What is the prevalence of Ogilvie syndrome?

Ogilvie syndrome, also known as acute colonic pseudo-obstruction, is a rare condition characterized by massive dilation of the large intestine without any mechanical obstruction. It primarily affects elderly individuals and those with underlying medical conditions, such as cardiovascular disease, infections, or recent surgeries. The exact prevalence of Ogilvie syndrome is not well-established, but it is estimated to occur in approximately 0.01% to 0.03% of hospitalized patients.

Ogilvie syndrome is more commonly observed in individuals over the age of 60, with a higher incidence in males than females. The condition can be life-threatening if not promptly diagnosed and treated. Symptoms may include abdominal distension, severe pain, nausea, and vomiting. Diagnosis is typically made through clinical evaluation, imaging studies, and ruling out mechanical obstruction.

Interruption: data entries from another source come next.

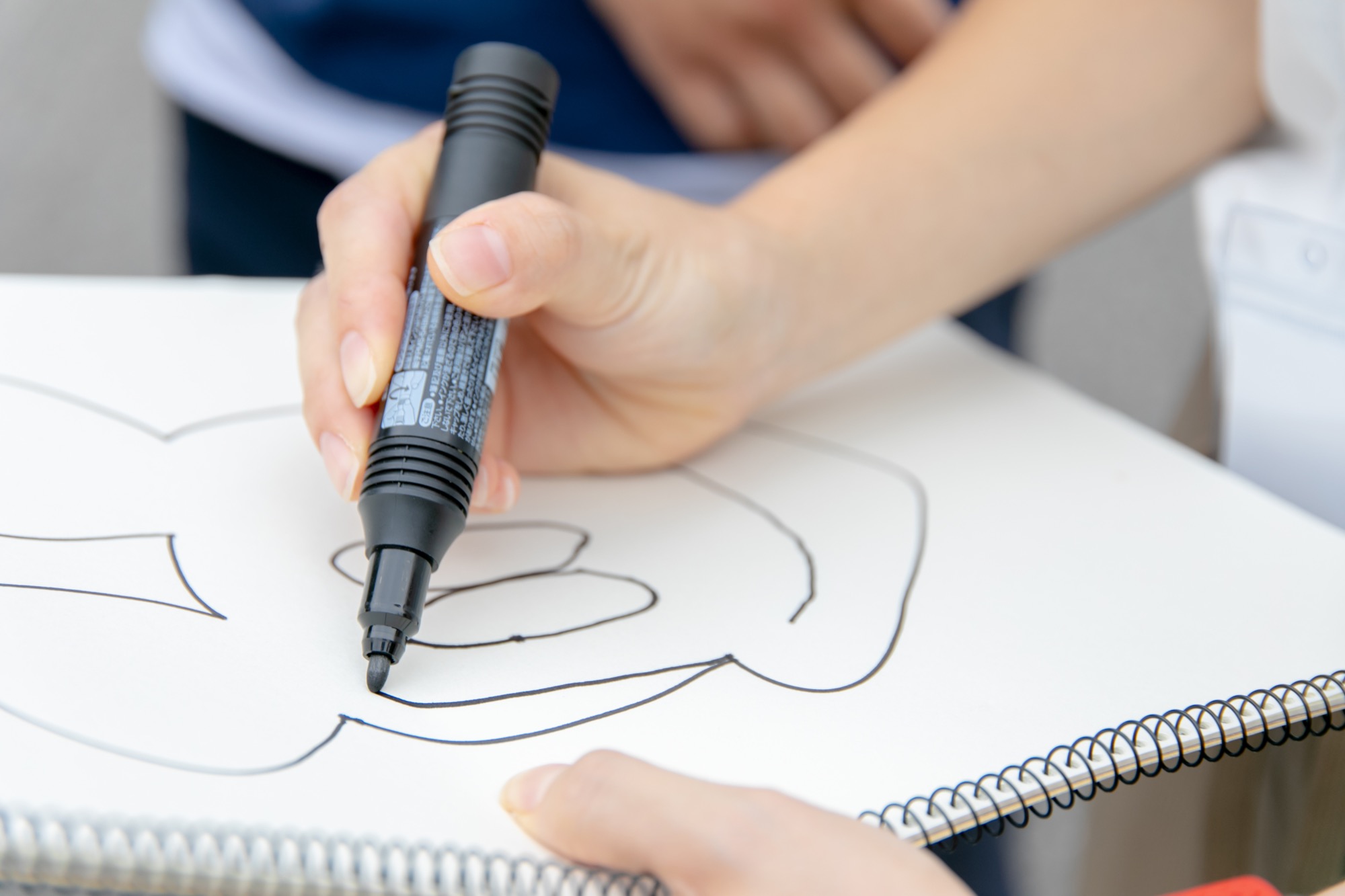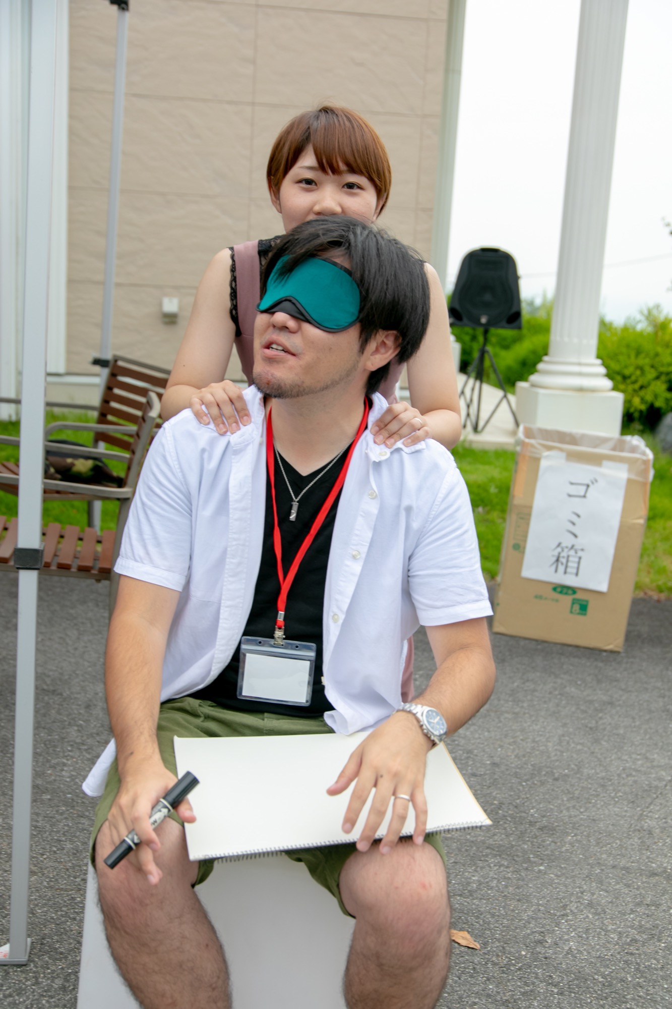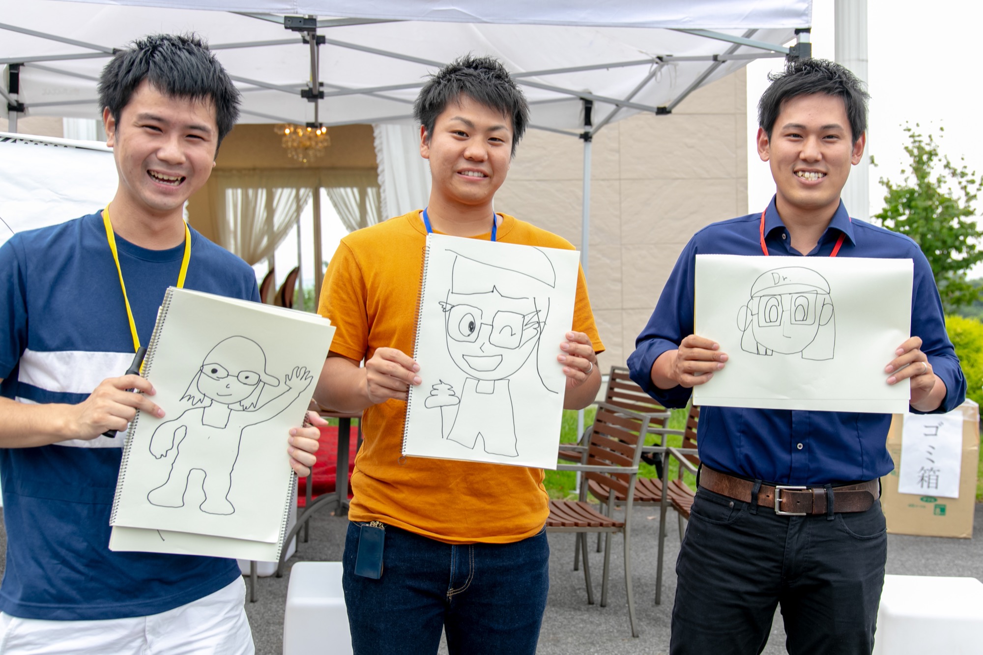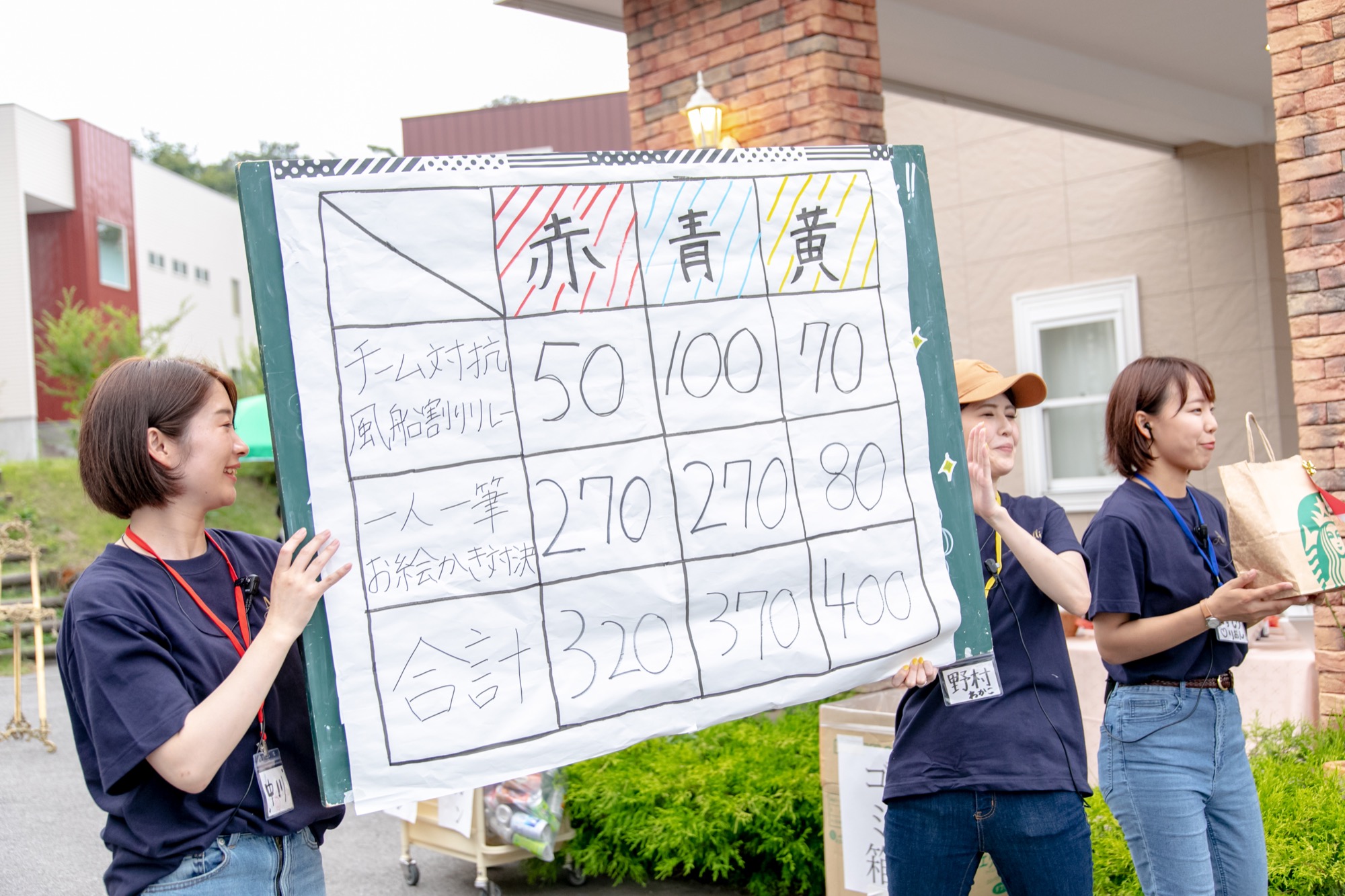 3チームに分かれて景品をかけて風船割りをしたり、一人一筆描きをしたり・・・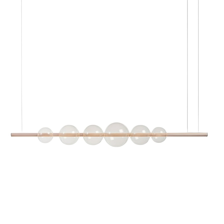 Композиция из идеально гладких стеклянных сфер, нанизанных на тонкую, изящную основу. Люстра словно парит в воздухе, наполняя комнату мягким, рассеянным светом.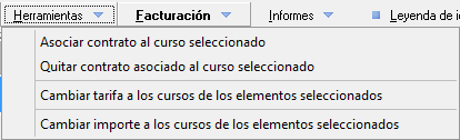 - Facturar elementos. Con esta opción podremos crear facturas de los cursos seleccionados.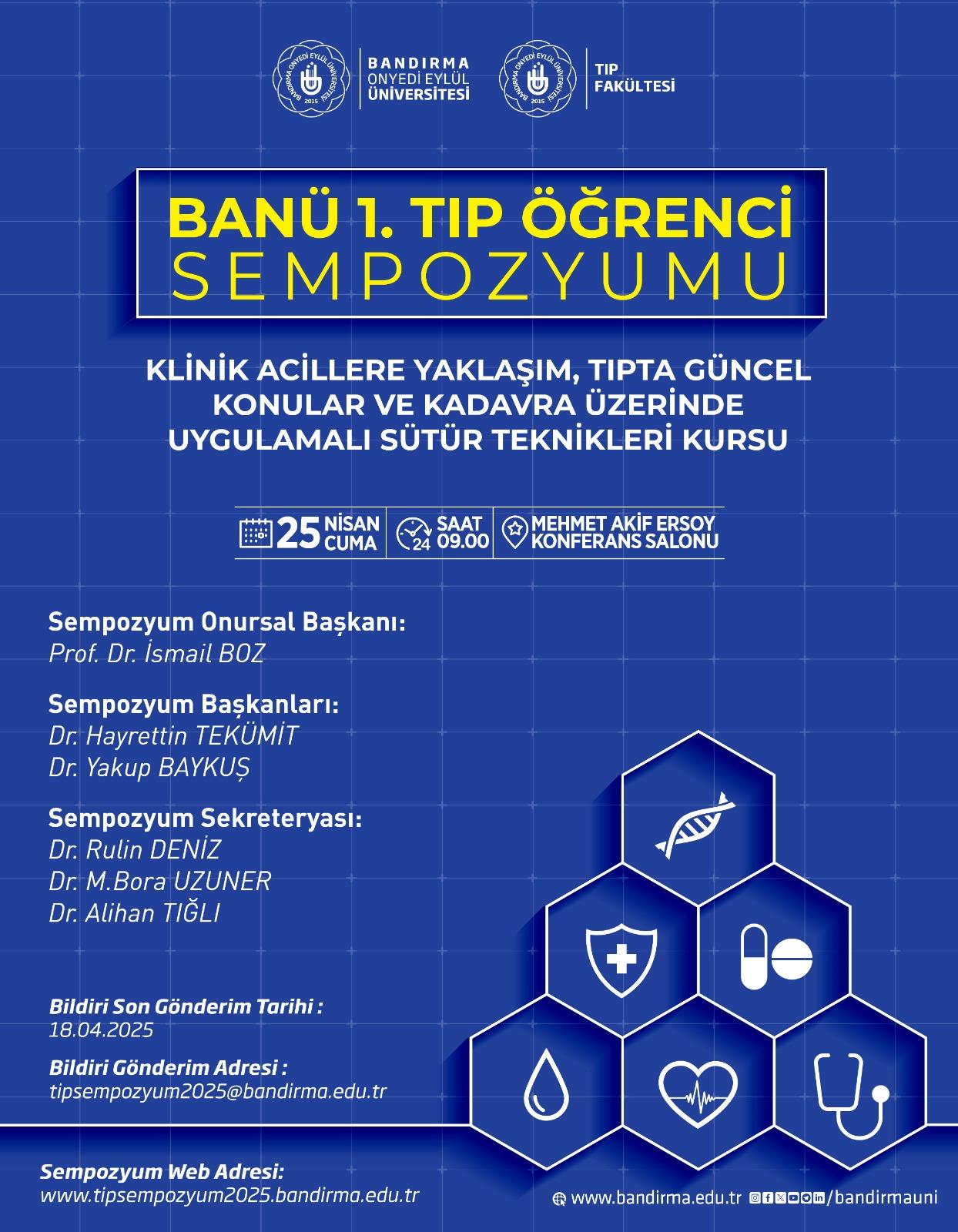 Üniversitemiz Tıp Fakültesi tarafından “BANÜ 1. Tıp Öğrenci Sempozyumu” düzenlenecektir.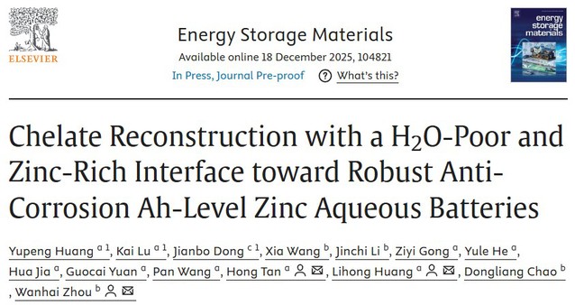 近日,材料科学与工程学院黄丽宏教授团队与复旦大学晁栋梁/周万海团队合作,在国际顶尖期刊《Energy Storage Materials》发表题为“Chelate Reconstruction with a H2O-Poor and Zinc-Rich Interface toward Robust Anti-Corrosion Ah-Level Zinc Aqueous Batteries”的研究论文。《Energy Storage Materials》2025年最新影响因子为20.2,是材料与化学领域的公认顶级期刊(中科院大类/小类一区Top期刊),同时被国际权威的自然指数评选为顶级期刊之一。英国上市公司365黄丽宏教授、青年博士谭鸿和复旦大学周万海教授为论文共同通讯作者,英国上市公司365硕士研究生黄玉鹏、芦凯为论文的共同第一作者,英国上市公司365为第一完成单位。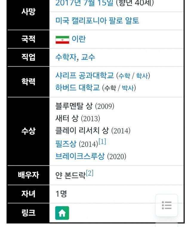 국제 수학 올림피아드에서 만점을 받고 이란최고명문 샤리프공대에서 수학을 전공 이후 하버드에서 박사학위를 받았다

Treatment for Ogilvie syndrome involves a multidisciplinary approach, including bowel rest, fluid and electrolyte management, decompression of the colon using a nasogastric tube, and addressing any underlying medical conditions. In severe cases, pharmacological interventions or endoscopic decompression may be necessary. Surgical intervention is considered a last resort.

Overall, while Ogilvie syndrome is a relatively rare condition, healthcare professionals should maintain a high index of suspicion in patients at risk, as early recognition and appropriate management are crucial for improving outcomes.